RPA Spotlight: Meet Brother Marion Wilson

By April 1, 2019RPA Spotlight

Born in Shreveport, Louisiana, Brother Marion E. Wilson relocated to Dallas, Texas at the age of six and has called it home since. The oldest of two children, Brother Wilson graduated from Lincoln High School in South Dallas in 1961.

After a four-year tour of duty in the U. S. Air Force, 18 months of which was served in Okinawa, Japan, and the Pacific Far East, he returned to Dallas and earned an Associate of Arts Degree from El Centro College in Dallas in July 1970.

In the fall of 1970, Brother Wilson enrolled at North Texas State University in Denton, Texas (currently the University of North Texas) and sought the aid of Brother Harvey King, associate dean of students. Brother Wilson requested to pledge Kappa Alpha Psi through Bishop College (a Dallas-based HBCU that closed its doors in 1988 on which Paul Quinn College now resides), as there was no Kappa chapter at the time on the NTSU campus.

After weeks of discussion, correspondence and documentation between NTSU, Bishop College, the Fort Worth Alumni Chapter, the Southwestern Province, and the International Headquarters of Kappa Alpha Psi, it was agreed that, if accepted, he could pledge the Delta Sigma Chapter at Bishop College in Dallas.

Brother Marion Wilson (left) and line brother, Brother Douglas Baskin (right)

Brother Wilson regularly commuted nearly 60 miles between the Denton and Dallas campuses while pledging throughout the fall semester of 1970. His line name was “Sugar-D.” On December 5, 1970, he and his line brother, Douglas A. Baskin (of Bishop College) were initiated into the bond.

During the spring of 1971, Brother Wilson formed an NTSU campus organization called “Men Interested in Kappa” (MIK), and served as the organization’s president. Through the established and approved relationship with the Delta Sigma Chapter, he initiated six NTSU students into Kappa Alpha Psi. One of the six students initiated was Michael Whitted, a current and active member of the Richardson-Plano Alumni Chapter of Kappa Alpha Psi Fraternity. With the assistance of Dean King and the six new Kappas, the Zeta Upsilon Chapter (at North Texas State University) of Kappa Alpha Psi Fraternity was chartered on March 20, 1972. Brother Wilson served as the first Polemarch of the chapter whose membership eventually totaled over 25 members at the time of his graduation.

The Zeta Upsilon chapter was instrumental in the chartering of the following chapters of Kappa Alpha Psi Fraternity: Eta Phi Chapter at East Texas State University (currently Texas A&M University at Commerce) in 1975, the Iota Alpha Chapter at the University of Texas at Arlington in 1977, and the Nu Beta Chapter at Southern Methodist University in Dallas, Texas in 1987.

Although the Delta Sigma Chapter of Kappa Alpha Psi ended with the closing of Bishop College in 1988, the chapter’s legacy and HBCU where it was established, are acknowledged and continues to live through those chapters that exist because of it.

After college, Brother Wilson accepted a position with the U.S. Department of Health, Education and Welfare (currently the U.S. Department of Health and Human Services) as a federal investigator.
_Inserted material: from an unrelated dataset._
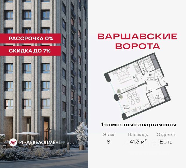 Рассрочка 0% + скидка 5%. Первый платёж 50% при ДДУ, второй 50% — через 12 мес. до ввода ЖК. Продаются 1-комнатные апартаменты 46.3 кв.м. в МФК "Варшавские ворота" на 15-м этаже 30 этажного дома. МФК "Варшавские ворота" — это проект, в котором учтен широкий спектр требований: от транспортной доступности и развитой инфраструктуры до архитектурной выразительности и экологического окружения. Апартаменты в МФК "Варшавские ворота" подойдут для тех, кто ищет продуманное жилье в Москве или готовый инвестиционный актив. Апартаменты здесь — это: - возможность жить комфортно в удобном городском формате — с природой, метро, сервисом и паркингом; - возможность купить лот с готовой отделкой, чтобы вложить минимальные инвестиции в ремонт и получить максимум возможностей от сдачи; - экономия на налоге на имущество, кадастровая стоимость апартаментов ниже ~ на 30% кадастровой стоимости квартиры; - высокая инвестиционная доходность объекта за счет более низкой цены покупки по сравнению с квартирой. Коротко о важном: - 1 минута пешком от м. Аннино; - Удобные выезды на Варшавское шоссе и МКАД; - Вид из окон на Битцевский лес и Аннинский лесопарк; - Высота потолков 2,7 - 3 м; - Закрытый двор-парк; - Школы и детские сады в 10-15 минутах пешком от дома; - Технические лоджии для размещения кондиционеров; - Подземный паркинг; - РГ-Девелопмент — ТОП-20 крупнейших застройщиков России. Проект сочетает в себе современную архитектуру и продуманное благоустройство с уникальным природным окружением. Всего в нескольких минутах от дома — девять парков, каскад прудов и крупнейшие лесопарковые зоны Москвы, создающие ощущение жизни в зеленом оазисе посреди мегаполиса. Архитектурная концепция - стиль Чикаго в Москве. Выполнена в минималистичной эстетике с использованием клинкера и декоративного кирпича. Фасады подчеркивают строгие линии и современный стиль, а входные группы разработаны московским бюро Syntaxis. Лобби оформлены с применением керамогранита, декоративной штукатурки и гипсовых панелей, детали из латуни добавляют изысканности. Пространство оживляют гербарии, композиции из сухоцветов и авторские панно. Проект находится в одной минуте пешком от метро "Аннино", в 12 минутах от станции "Улица Академика Янгеля" и рядом с МЦД-2 "Красный Строитель". Для автомобилистов предусмотрен прямой выезд на Варшавское шоссе и два съезда на МКАД, что позволяет быстро добираться в любую часть города. Среди планировочных решений представлены разнообразные форматы: от функциональных студий до просторных 4-комнатных квартир и апартаментов площадью от 22 до 105 м². Высокие потолки усиливают ощущение простора, а продуманные планировки включают мастер-спальни, гардеробные, угловые окна, объединённые кухни-гостиные и несколько санузлов. Центральное пространство комплекса — закрытый двор без машин. Он разделён на функциональные зоны: детские игровые комплексы, спортивные площадки, воркаут-зоны и уютные места для тихого отдыха. На первых этажах размес

He retired from the agency in 2000 as an investigations branch chief after 27 years of service.

In addition to celebrating 44 years of marriage to his lovely silhouette, Delores, in July, Brother Wilson is the proud father of three daughters, two grandchildren, and two great-grandchildren. He was the first in his family to attend college and his nephew, Andre’ Henderson, of the Richardson Plano Alumni Chapter, is currently the only other family member in the Fraternity.

Brother Wilson served on the Richardson-Plano Alumni Chapter’s Zeta Upsilon Chapter Reactivation Committee and currently serves on the Zeta Upsilon Advisory Committee. In addition to being a member of the RPA board of directors, he’s been a life member of Kappa Alpha Psi since 1993.